*Your objective*. Return an exact copy of the entries, skipping any picture you find.

*Given information*.
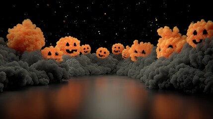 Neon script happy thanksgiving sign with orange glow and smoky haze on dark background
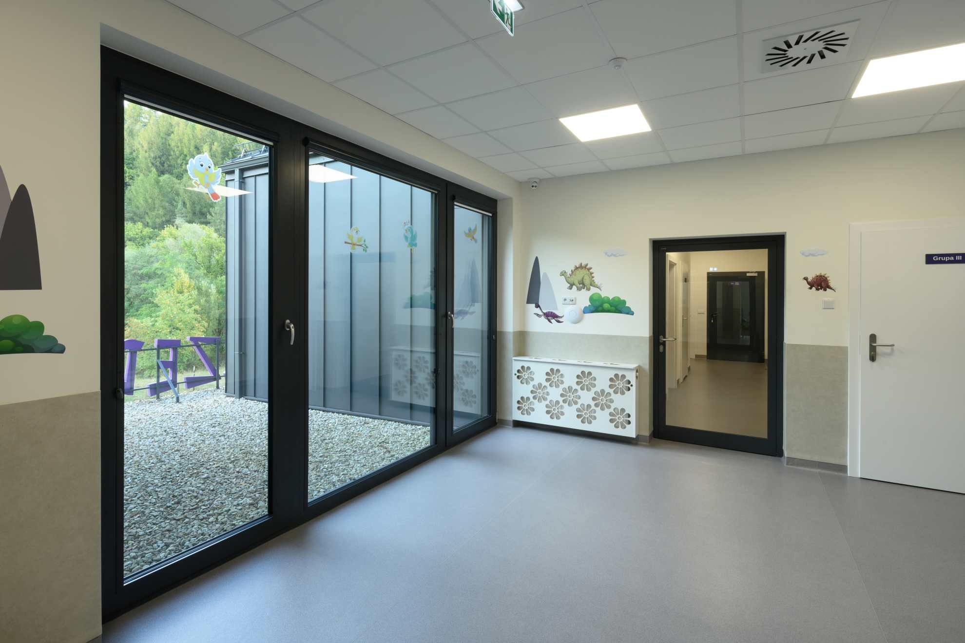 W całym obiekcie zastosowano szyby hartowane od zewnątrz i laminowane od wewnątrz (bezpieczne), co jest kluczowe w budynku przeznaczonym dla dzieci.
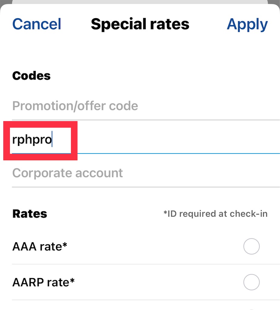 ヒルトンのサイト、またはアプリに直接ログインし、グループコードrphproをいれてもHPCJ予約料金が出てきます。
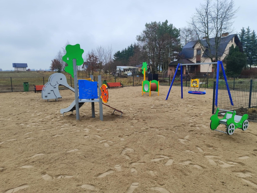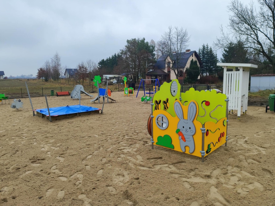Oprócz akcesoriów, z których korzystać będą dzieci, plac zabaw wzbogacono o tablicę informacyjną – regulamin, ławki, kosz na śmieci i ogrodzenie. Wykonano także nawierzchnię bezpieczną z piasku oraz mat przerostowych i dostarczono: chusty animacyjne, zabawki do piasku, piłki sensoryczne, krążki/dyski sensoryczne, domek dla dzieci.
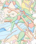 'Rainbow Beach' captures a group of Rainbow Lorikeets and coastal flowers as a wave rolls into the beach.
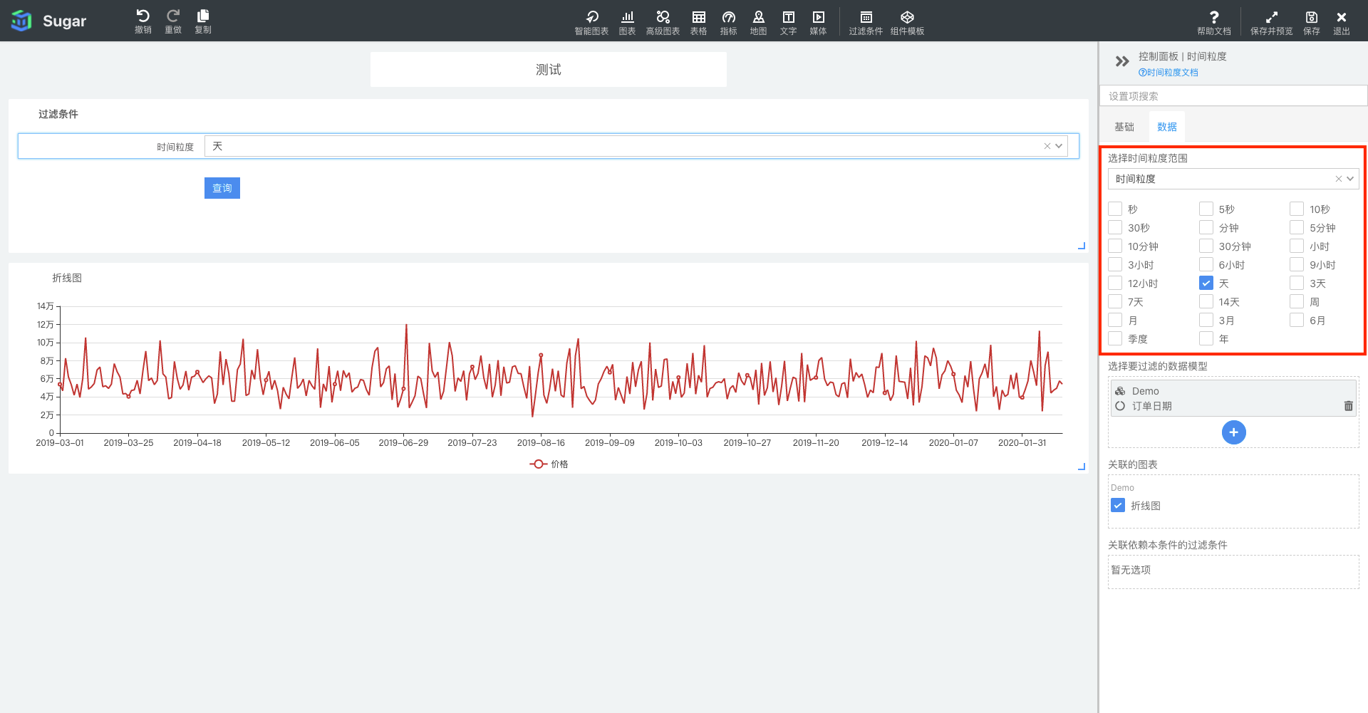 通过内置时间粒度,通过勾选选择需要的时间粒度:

*Solution to this task*.
 Neon script happy thanksgiving sign with orange glow and smoky haze on dark background
 W całym obiekcie zastosowano szyby hartowane od zewnątrz i laminowane od wewnątrz (bezpieczne), co jest kluczowe w budynku przeznaczonym dla dzieci.
 ヒルトンのサイト、またはアプリに直接ログインし、グループコードrphproをいれてもHPCJ予約料金が出てきます。
Oprócz akcesoriów, z których korzystać będą dzieci, plac zabaw wzbogacono o tablicę informacyjną – regulamin, ławki, kosz na śmieci i ogrodzenie. Wykonano także nawierzchnię bezpieczną z piasku oraz mat przerostowych i dostarczono: chusty animacyjne, zabawki do piasku, piłki sensoryczne, krążki/dyski sensoryczne, domek dla dzieci.
 'Rainbow Beach' captures a group of Rainbow Lorikeets and coastal flowers as a wave rolls into the beach.
 通过内置时间粒度,通过勾选选择需要的时间粒度:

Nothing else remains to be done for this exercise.